On the number of generators of ideals in polynomial rings

TL;DR

This paper introduces an obstruction theory for generators of ideals in polynomial rings over certain fields and proves the obstruction vanishes in polynomial rings over infinite perfect fields, resolving a longstanding conjecture.

Contribution

It develops a new obstruction framework linking ideal generators to homotopy classes and proves the obstruction vanishes in polynomial rings over infinite perfect fields, confirming Murthy's conjecture.

Findings

Obstruction vanishes for polynomial rings over infinite perfect fields.

Provides a homotopy-theoretic criterion for lifting generators.

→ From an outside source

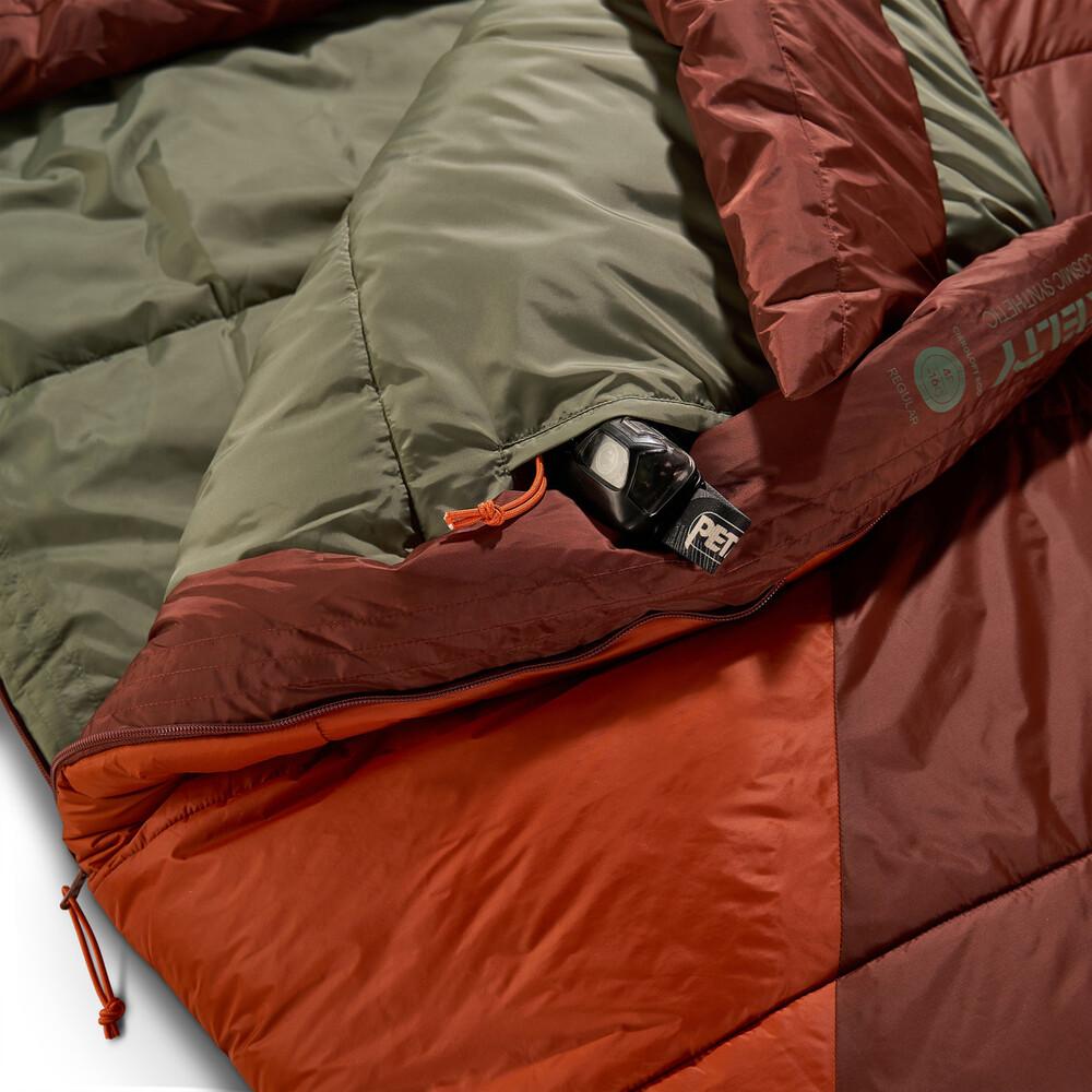 You shouldn't have to move heaven and earth to sleep under the stars! That's why we made the Cosmic Synthetic light in your pack and easy on your budget. This three-season superstar is constructed of fully recycled fabrics and fill-with a durable nylon shell, silky taffeta liner, and CirroLoft Eco insulation for lightweight, compressible warmth. A zippered stash pocket keeps track of keys and tech, and an extra-roomy footbox treats your hard-working dawgs with the utmost care.

Resolves an old conjecture of Murthy.

Abstract

Let $R$ be a smooth affine algebra over an infinite perfect field $k$. Let $I\subset R$ be an ideal, $\omega_I:(R/I)^n\to I/I^2$ a surjective homomorphism and $Q_{2n}\subset \mathbb{A}^{2n+1}$ be the smooth quadric defined by the equation $\sum x_iy_i=z(1-z)$. We associate with the pair $(I,\omega_I)$ an obstruction in the set of homomorphisms $\mathrm{Hom}_{\mathbb{A}^1}(\mathrm{Spec}(R),Q_{2n})$ up to naive homotopy whose vanishing is sufficient for $\omega_I$ to lift to a surjection $R^n\to I$. Subsequently, we prove that the obstruction vanishes in case $R=k[T_1,\ldots,T_m]$ for $m\in \mathbb{N}$ where $k$ is an infinite perfect field having characteristic different from $2$ thus resolving an old conjecture of M. P. Murthy.